Cloud-native approaches
Cloud-native technologies allow organizations to develop and run scalable applications across modern, dynamic cloud environments, including private, public, and hybrid clouds. By applying cloud-native approaches across your organization, you can more rapidly develop, deploy, improve, and scale your applications and services in response to changing business and market conditions.
Microservices
Microservices architectures break applications down into sets of functional capabilities. These functional microservices are separate from each other but work together to accomplish the same tasks as the original monolithic application. They are typically lightweight, independently scalable, and shareable across multiple applications. Microservices architectures align well with cloud-native approaches and are often adopted during application modernization initiatives.
DevSecOps
DevSecOps, or just DevOps, is an approach to culture, automation, and platform design that speeds the delivery of high-quality applications to increase business value and agility. It focuses on collaboration across teams, dynamic operations, and standardized environments to accelerate development and deployment processes. With DevSecOps, staff from security, development, and operations teams work together, sharing visibility, feedback, best practices, and insights.
Event-driven architecture
Event-driven architecture is a model for application design that is structured around the capture, communication, processing, and persistence of events, rather than requests. Event-driven applications require minimal coupling, so they work well in modern, distributed environments and architectures. Developers can create event-driven applications in any reactive programming language, giving them more flexibility and choice.
Hybrid cloud application platforms
A hybrid cloud platform provides a unified software foundation for developing, deploying, and managing tools, applications, and models consistently across datacenter, edge, and cloud environments. Key features include:
- Support for traditionally virtualized, cloud-native, and containerized applications.
- IT-controlled self-service resource delivery.
- Application and workload portability across different types of cloud environments.
- Integrated DevOps and operations management capabilities.
- Application development tools.
- Integrations from third-party technology vendors and open source communities.
A comprehensive, adaptable hybrid cloud platform is essential for most application modernization journeys and can help you transform more readily at your own pace.

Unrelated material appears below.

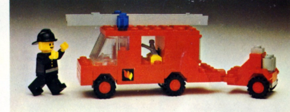
672 Fire engine

Modern development frameworks
Development frameworks provide pluggable and extensible patterns of code flow for developers creating applications using programming languages like Java™. Developers can use these repeatable frameworks as a base for programming applications, reducing development time and increasing consistency. For example, modern, Kubernetes-native Java development frameworks like Quarkus and Spring let you incorporate new infrastructure technologies like containers, microservices, and serverless.
Serverless models
Serverless is a cloud-native development model that allows developers to build and run applications without managing the underlying infrastructure. A cloud provider or IT operations team handles the routine work of provisioning, maintaining, and scaling servers, so developers can focus on coding. Once deployed, serverless applications automatically scale up, down, or even to zero according to demand or event triggers, freeing up valuable infrastructure resources when not in use.
Service meshes
Service meshes provide communication between microservices and add capabilities like resiliency, security, observability, routing control, and insights. They control how different parts of an application share data with one another. As a transparent, dedicated, and scalable infrastructure layer that resides outside of applications, service meshes allow developers to concentrate on creating valuable applications and features rather than rebuilding or connecting standard underlying services.
CI/CD pipelines
Continuous integration/continuous delivery (CI/CD) pipelines improve software delivery using DevOps or site reliability engineering (SRE) approaches. These pipelines apply automation to optimize application life cycle management processes like compiling code, unit testing, and code analysis. When moving to cloud-native and containerized environments, many organizations extend their CI/CD pipelines with GitOps workflows that automate delivery across hybrid cloud infrastructure.